Esse componente conecta o implante à coroa. Em seguida, são feitos registros, moldagens ou escaneamentos digitais para produzir a prótese com forma, cor, altura e adaptação adequadas.
A coroa pode ser parafusada ou cimentada, dependendo do planejamento. A escolha envolve estética, posição do implante, facilidade de manutenção e características da mordida.
O dente final fica igual a um dente natural?
O objetivo é que o resultado seja o mais natural possível, tanto na aparência quanto na função. Porém, um implante não é idêntico a um dente natural.
O dente natural possui ligamento periodontal, uma estrutura que funciona como uma espécie de amortecedor biológico. O implante, por outro lado, fica diretamente integrado ao osso.
Por isso, o ajuste da mordida é tão importante. Forças excessivas podem sobrecarregar a prótese, o parafuso, o osso ao redor ou o próprio implante.
Quais cuidados são necessários após o implante dentário?
O cuidado não termina quando a coroa é instalada. O implante precisa de manutenção, higiene e acompanhamento periódico.
A escovação adequada, o uso de fio dental, escovas interdentais ou dispositivos específicos podem ser indicados conforme o caso. O objetivo é evitar acúmulo de biofilme ao redor do implante.
A inflamação inicial dos tecidos ao redor do implante é chamada mucosite peri-implantar.
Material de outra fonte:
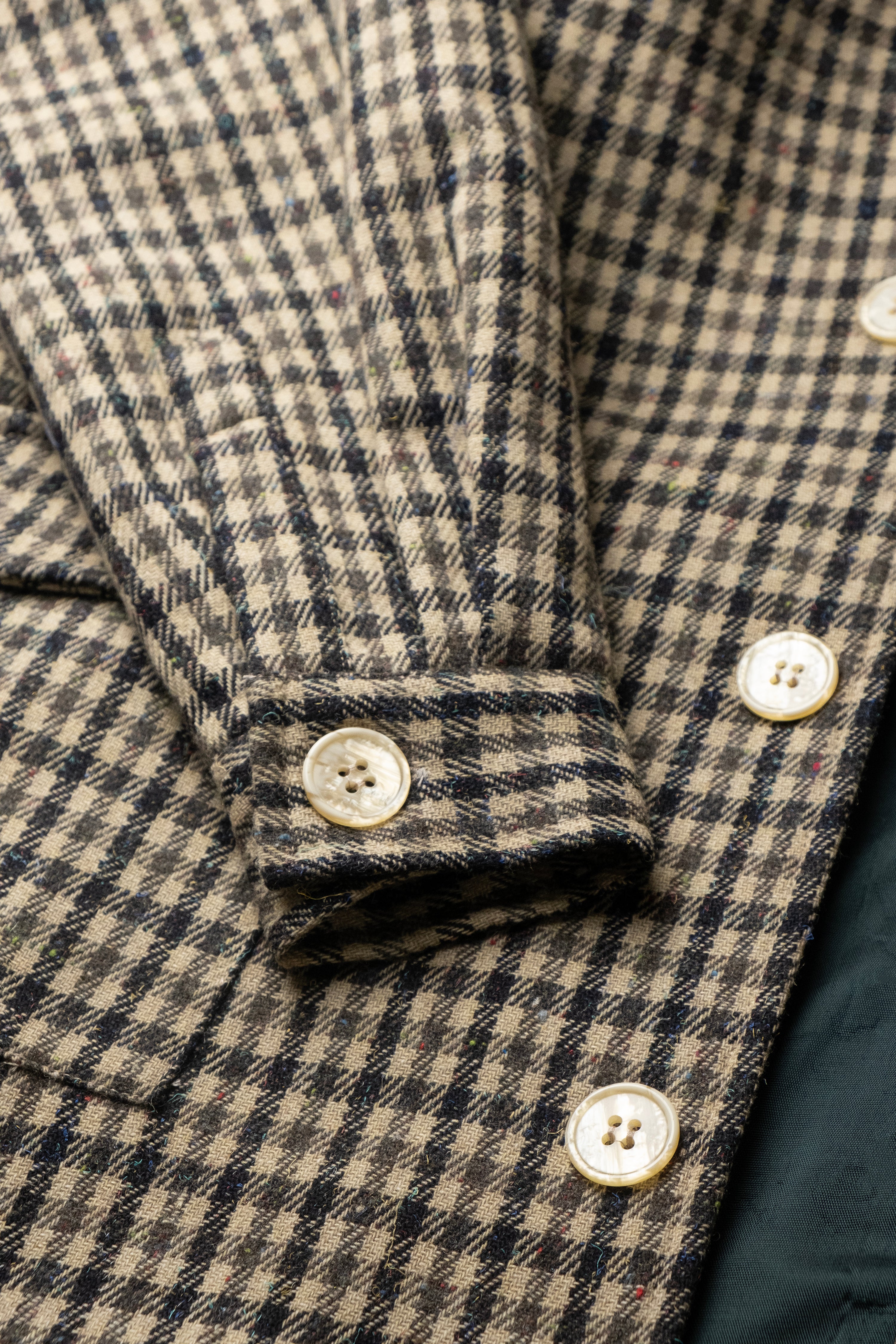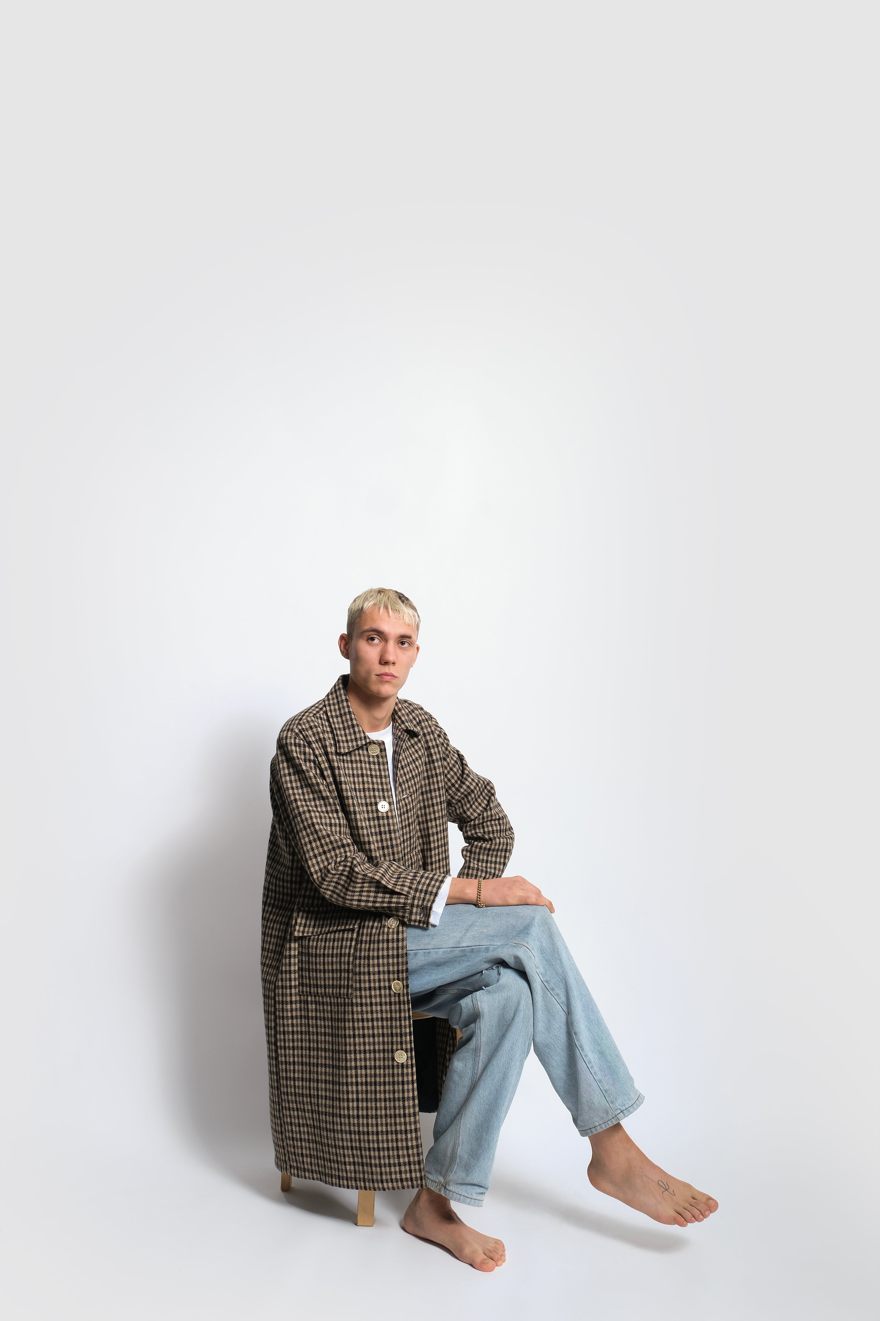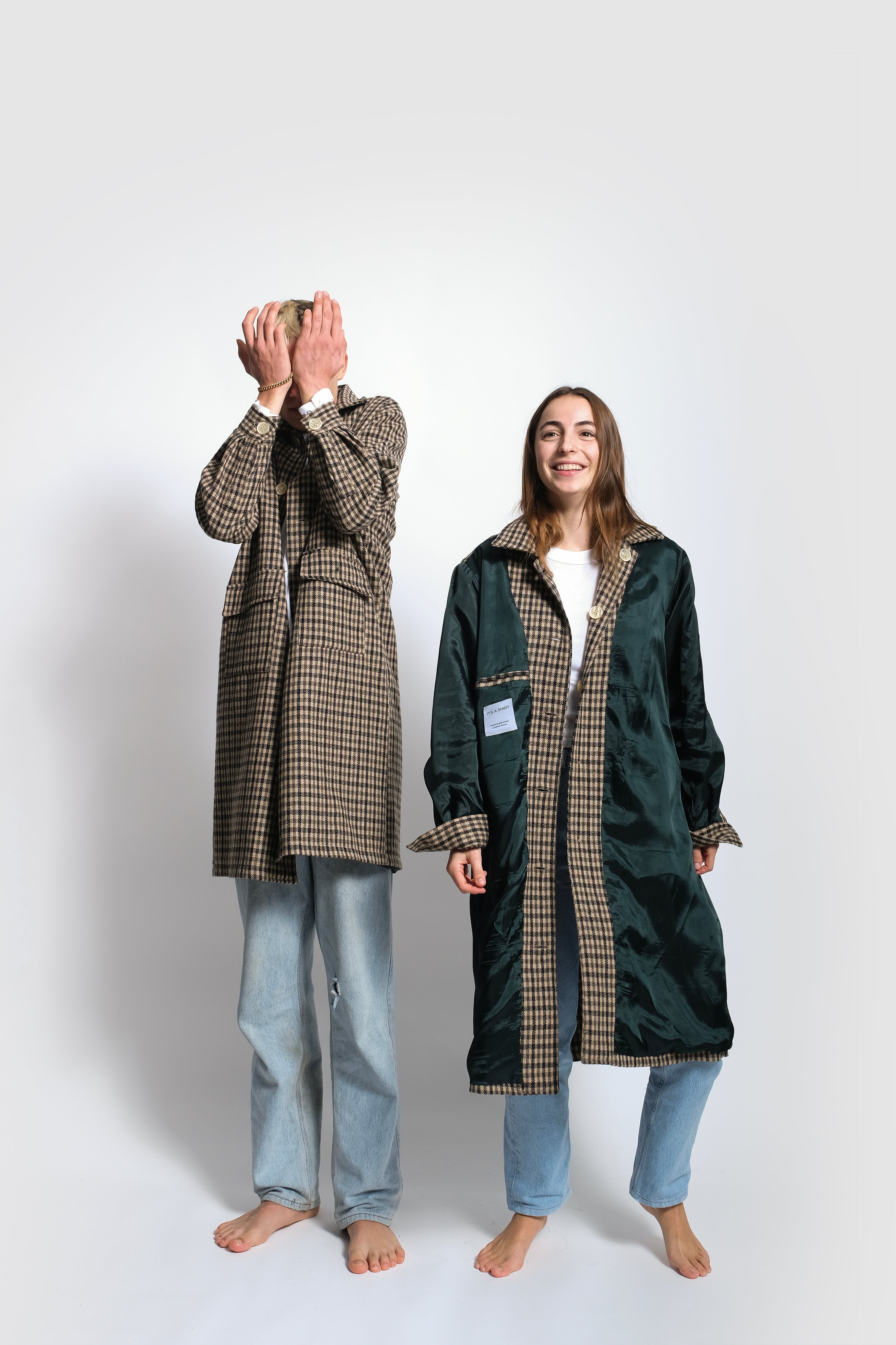 What you see here is a unisex long coat tailored in a premium checked wool from England, lined with a dark green silk/viscose fabric. It is characterised by a wide spread collar as well as by its sleeves that resemble the ones our classic shirt has. It owns also two flapped pockets and another one placed on its left inner side.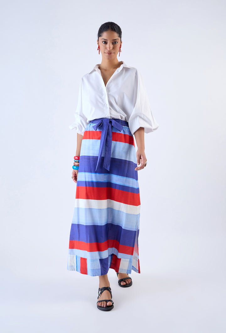 With its straight shape, hidden pockets and banded waist featuring back elastic, the Tyler skirt exudes understated sophistication. Complete with a removable tie sash, subtle side slits, and a fully lined construction, it's a versatile must-have for any wardrobe. Tyler is made from a soft, breathable cotton cambric fabric. The print design ‘Twilight’ captures the breathtaking beauty of a sunset over the ocean, where the vibrant tones of orange, red, and pink gently fade into the deep blues of the sea.
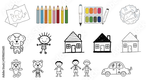 Collection of hand drawn sketches featuring animals people houses art supplies and crumpled paper on white background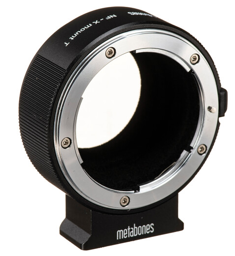 Mit dem Metabones Nikon F-zu-FUJIFILM X-Mount T-Adapter II (schwarz) können Fotografen Nikon-F-Objektive mit Blendenring an Kameras mit FUJIFILM X-Mount anschließen und dabei die Unendlich-Fokussierung beibehalten. Der aus Messing gefertigte und verchromte Adapter sorgt für eine stabile Verbindung mit minimierten internen Reflexionen und verfügt über einen abnehmbaren Stativfuß vom Typ Arca für einen sicheren Halt.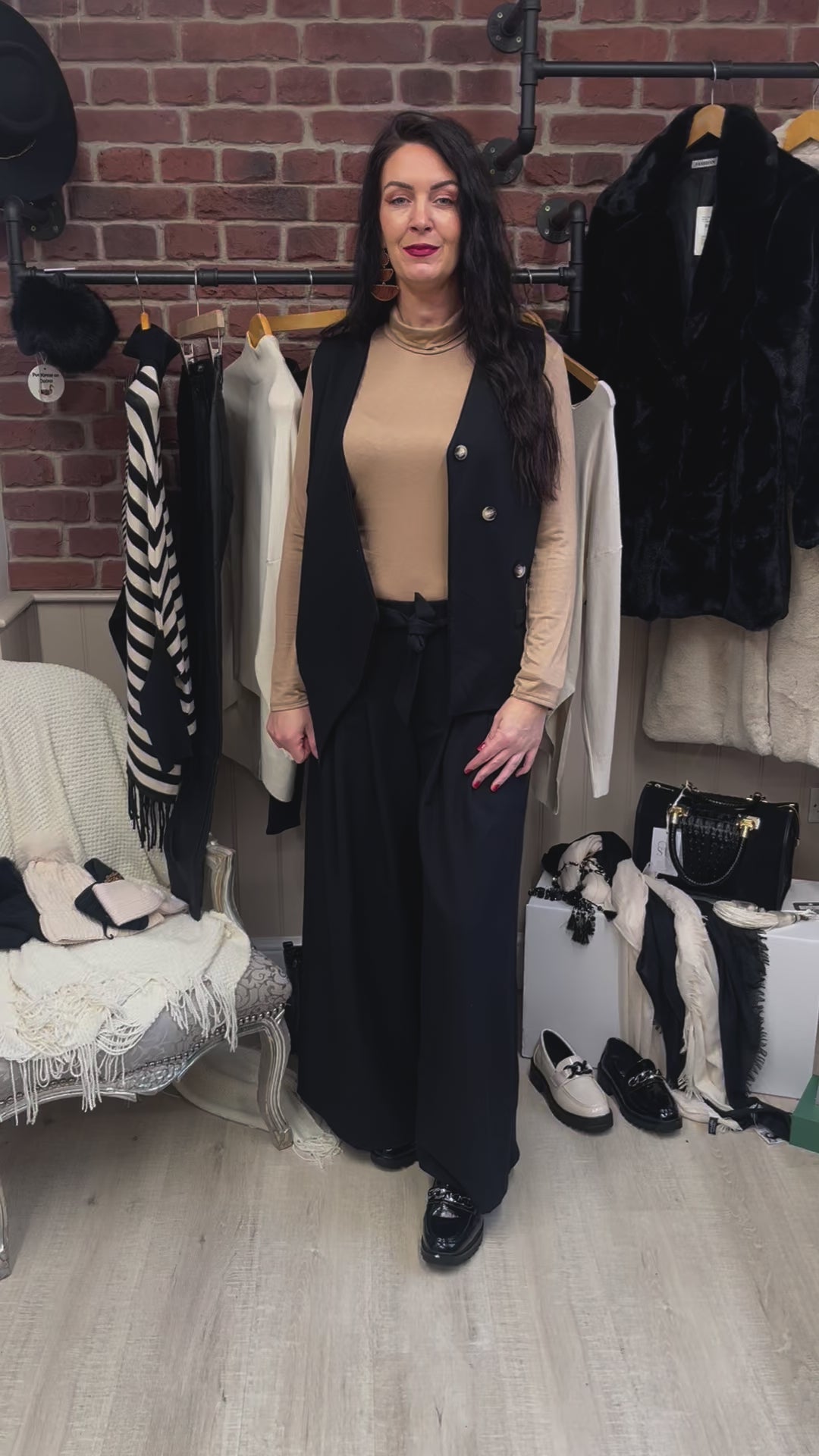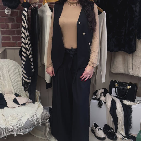 This stylish waistcoat in black makes a great transitional piece. It has three tortoiseshell buttons running diagonally across the front and a funky asymmetric hem line at the front. The scuba material gives it a lovely tailored look and dressed up or down, is a fabulous Autumnal addition to your wardrobe.

Quando há perda óssea progressiva associada à inflamação, o quadro pode evoluir para peri-implantite.
O que é peri-implantite?
A peri-implantite é uma condição inflamatória que afeta os tecidos ao redor do implante e pode levar à perda do osso de suporte.
Ela costuma estar relacionada ao acúmulo de biofilme, histórico de doença periodontal, tabagismo, higiene deficiente, sobrecarga mecânica e falta de acompanhamento.
Quanto mais cedo for identificada, maiores são as chances de controle. Por isso, consultas de manutenção são parte essencial do tratamento.
Quais fatores podem influenciar o sucesso do implante?
O sucesso do implante depende de uma combinação de fatores. Entre eles estão diagnóstico correto, planejamento tridimensional, técnica cirúrgica, qualidade óssea, saúde gengival, controle de doenças sistêmicas e manutenção a longo prazo.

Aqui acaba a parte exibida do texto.